Reaction to the delay and debate around expanding MAiD
As Ottawa seeks to delay the expansion of medically-assisted dying to people suffering from mental illness, patient advocates are disappointed.
“There have been a number of Canadians, we don’t know how many, who have been patiently waiting for that sunset clause to expire on March 17 and they’re going to be very disappointed they have to wait for a longer period of time,” said retired Senator James Cowan, who is also a board member of Dying With Dignity Canada.
Medical Assistance in Dying—or MAiD—is set to open up to patients whose sole underlying condition is a mental disorder on March 17. But last week, Justice Minister David Lametti announced the federal government would ask parliament for a delay after hearing concerns the health-care system might not be ready to handle those complicated cases.
Cowan believes the crucial question isn’t if MAiD ought to be an option for people with mental illness but when.
“The courts have already established. Parliament has confirmed that MAiD is a right that you have if you meet the criteria that are set forth in the legislation,” Cowan said.
But others, such as psychiatrist Dr. John Maher, have concerns. He spoke with W5 for its documentary on medically assisted dying that aired on CTV this past weekend.
At meetings with a team of social workers and nurses, the psychiatrist talks about patients they are working to help. Much of their work focusses on suicide prevention.
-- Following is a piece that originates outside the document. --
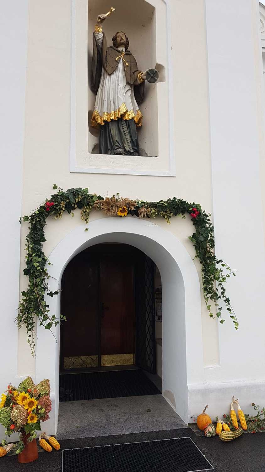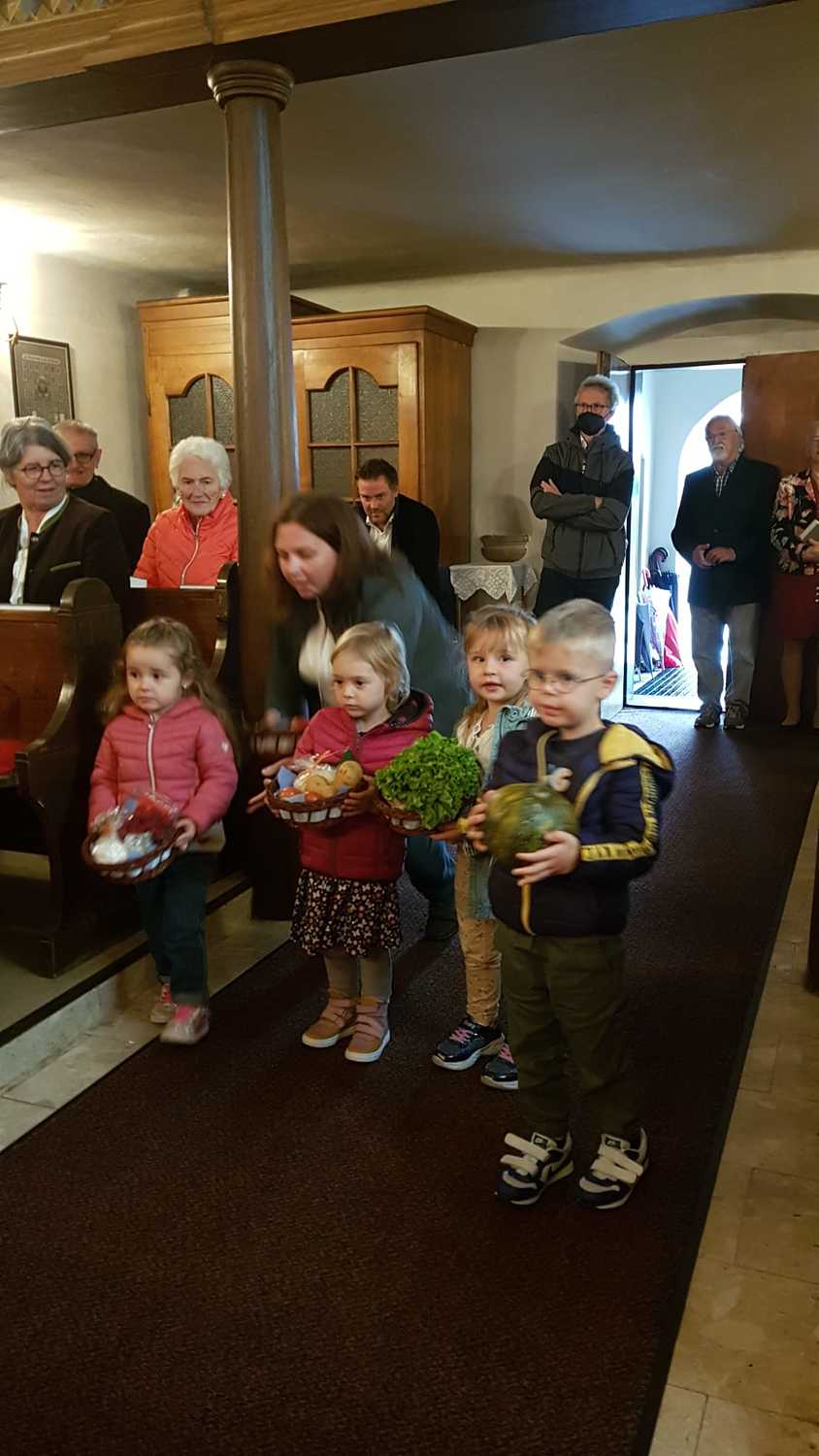 Das heurige Erntedankfest fand unter Mitwirkung vieler Kinder statt. Unsere - von einigen fleißigen und kreativen Frauen geflochtene Erntedankkrone - wurde von den jugendlichen Pfarrgemeinderätinnen feierlich in die Kirche getragen und von Diakon Gustav gesegnet.

“We’re talking about which of our patients are going to die. And it’s having a profound impact about what it means as professionals, as caring human beings to try and provide hope for people,” Maher said.
“It is state sanctioned suicide insofar there is a structure created that provides a pathway to death. I have a patient right now who’s saying, ‘I would never kill myself on my own but I will kill myself with MAiD because that’s not suicide.’”
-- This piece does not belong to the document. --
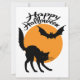 Halloween Black Cat and bat with moon, halloween Karte
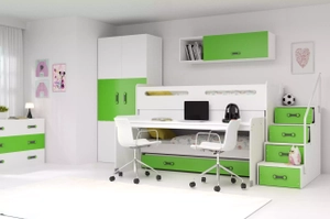 Hochbett für drei Personen Max 1, 80x200, mit Matratze und Schreibtisch, grün

Even with a possible delay to the expansion of MAiD, a team of physicians, nurses, ethicists and mental health and addictions stakeholders are preparing for an eventual expansion and developing a Nova Scotia approach.
“I think our job in Nova Scotia is to be prepared for what will happen, whenever it will happen,” said Dr. Gord Gubitz, the MAiD clinical lead at Nova Scotia Health.
Nova Scotia Health has about 60 physicians and nurse practitioners who are currently assessing patients applying for MAiD but the majority do not do this work full-time.
Dr. Gubitz said the team is adding more full-time nurse practitioners, recruiting more doctors and nurses and will hire experts in the field of mental health and addictions, as well as a social worker. They’re also developing their own set of policies. Dr. Gubitz noted his job isn’t to reopen legislation but to determine if a patient who is suffering is eligible for MAiD and if this is the right choice for them.
“For people with mental health as a sole underlying condition, they still have to meet all of the other criteria,” he said, noting their it has to be grievous and irremediable and in a state of continuing decline.
“They have to be suffering in a way that they can’t find relief from. They have to have the ability to consent,” he said, pointing out the government is now hashing out what that looks like.
Gubitz believes Nova Scotians and his team has benefitted from having one health authority that is managing and building its MAiD system in a centralized way. It allows them to build the health infrastructure needed and act proactively.
“At the end of the day, it’s all about providing high quality care as best as we can possibly do it,” he said.
Executive Director of the Nova Scotia College of Social Workers Alec Stratford said his organization believes patients who are suffering from mental illness ought to have the right to choose MAiD but he also thinks more focus and investment needs to go into supporting people who are suffering.
“When we talk about a right to die and a right to die with dignity, what we’re missing in our political and policy decisions is that we have failed in providing meaningful supports and policy that allows people to live with dignity,” Stratford said.